A terminal-based (TUI) transcriptome browser for exploring, annotating, and analyzing transcript sequences. Built with Textual and Rich.
Bioinformatics tools live or die by whether you can trust their output. A silent parsing error, a typo in a codon table, or an off-by-one in a length calculation produces plausible-looking wrong answers that poison everything downstream. ScriptoScope treats this as a non-negotiable property:
- Every push runs 105 tests, 44 of them dedicated to DNA parsing and genetic-code correctness. These are not optional, and they are not mocked.
- The standard genetic code is cross-validated against Biopython's authoritative table on every test run — if NCBI ever updated the stop-codon set and Biopython updated with it, we'd find out immediately.
- The codon-scan regex is exhaustively tested against all 64 possible DNA codons. It must match exactly
{ATG, TAA, TAG, TGA}and nothing else. One typo here would break every ORF call in the app. - Every stop codon is tested individually (
TAA,TAG,TGA) and every "similar-looking" non-stop (TAT,TGT,TGG, etc.) is tested to make sure it is not treated as a stop. This catches a whole class of regex-edit bugs. - The fast ORF scanner is cross-validated against the Biopython-based slow path on 200+ random sequences per test run — both paths must agree on every ORF length, every time.

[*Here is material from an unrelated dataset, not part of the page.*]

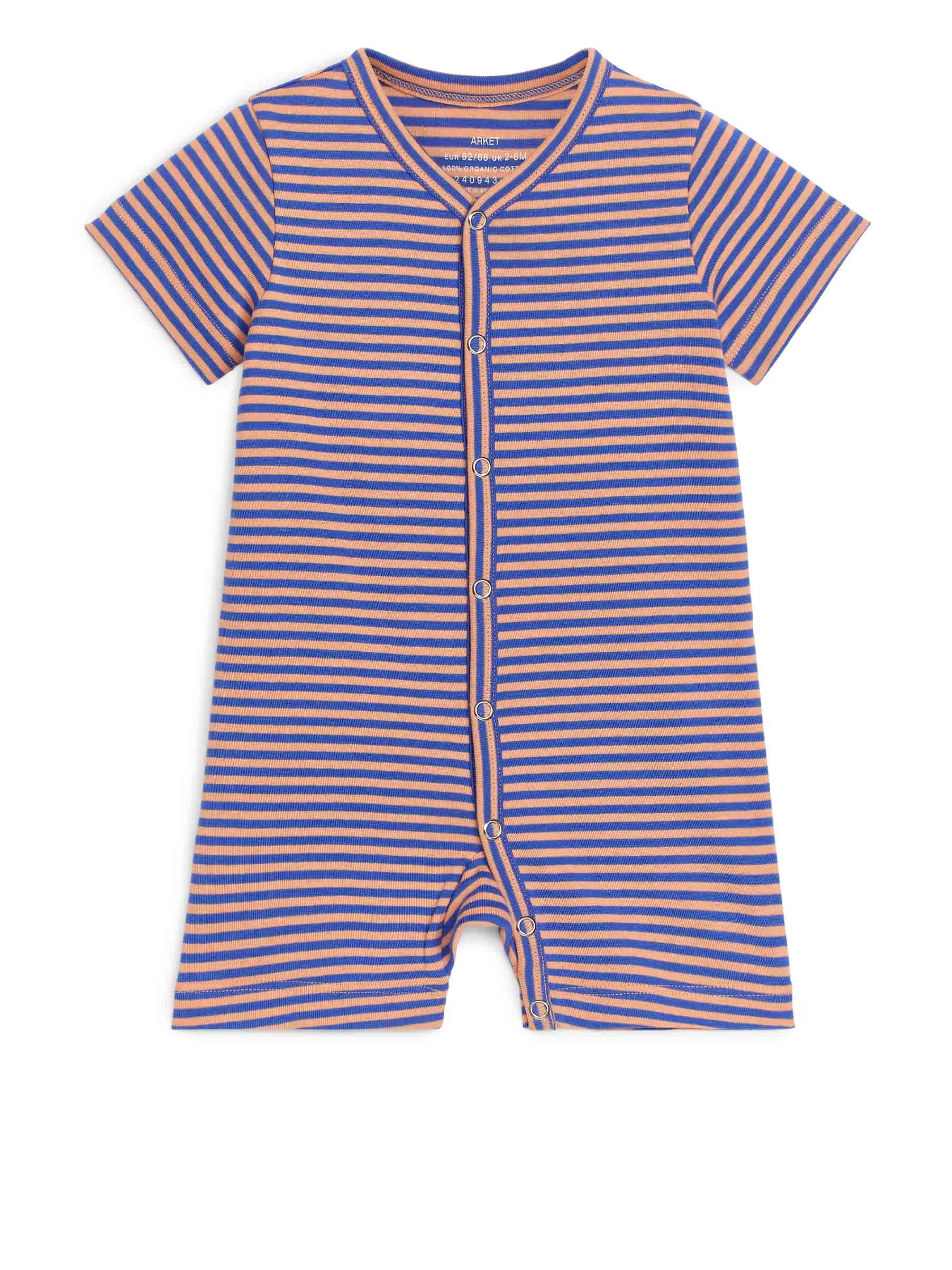 All-in-one pyjama made from soft cotton jersey. Styled with short sleeves and legs. Snap buttoning from top to toe for easy dressing.

- FASTA parsing preserves bytes exactly. Multi-line FASTA with varied line widths, gzipped FASTA, trailing whitespace, N bases, and edge lengths are all verified to round-trip byte-for-byte.

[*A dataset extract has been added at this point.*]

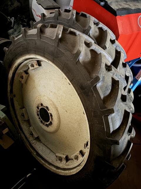 Verkaufe Pflegereifen mit Zwillingsradkupplungen in der Dimension 300/85R42, sie waren als Zwillingsreifen auf 540/65R34 montiert. Narbe passend auf CNH Hinterachse

- Length arithmetic is triple-checked:
Transcript.length,len(sequence), andsum(nucleotide_counts.values())must all agree on every sequence we construct.
If any of these tests fail, the push is broken. No exceptions.
- FASTA browser -- load and browse transcriptomes with instant filtering by ID, description, length, or GC content
- Sequence viewer -- colorized nucleotide display with CDS and Pfam domain annotations overlaid on the DNA sequence
- 6-frame ORF detection -- identifies the longest coding sequence (CDS) across all six reading frames
- Pfam domain scanning -- scan transcripts against the Pfam HMM database using pyhmmer with progress tracking
- CDS confirmation via NCBI BLAST -- submit the putative CDS protein to NCBI blastp (SwissProt) to confirm it matches a known protein
- Local BLAST -- run BLAST+ searches against local databases or the loaded transcriptome
- Statistics -- per-transcript and collection-wide stats (length distribution, GC content, N50, nucleotide composition)
- Visualization -- transcript diagram showing CDS location within the transcript, protein track with Pfam domain positions, and domain legend
# Clone the repository
git clone https://github.com/Binomica-Labs/ScriptoScope.git
cd ScriptoScope
# Install dependencies
pip install -r requirements.txt
# Or install as a package
pip install .| Package | Version | Purpose |
|---|---|---|
| textual | >= 0.61.0 | TUI framework |
| biopython | >= 1.83 | Sequence parsing, NCBI BLAST |
| pyhmmer | >= 0.10.0 | HMM profile searching (Pfam) |
| rich | >= 13.7.0 | Terminal rendering |
Optional: BLAST+ command-line tools for local BLAST searches.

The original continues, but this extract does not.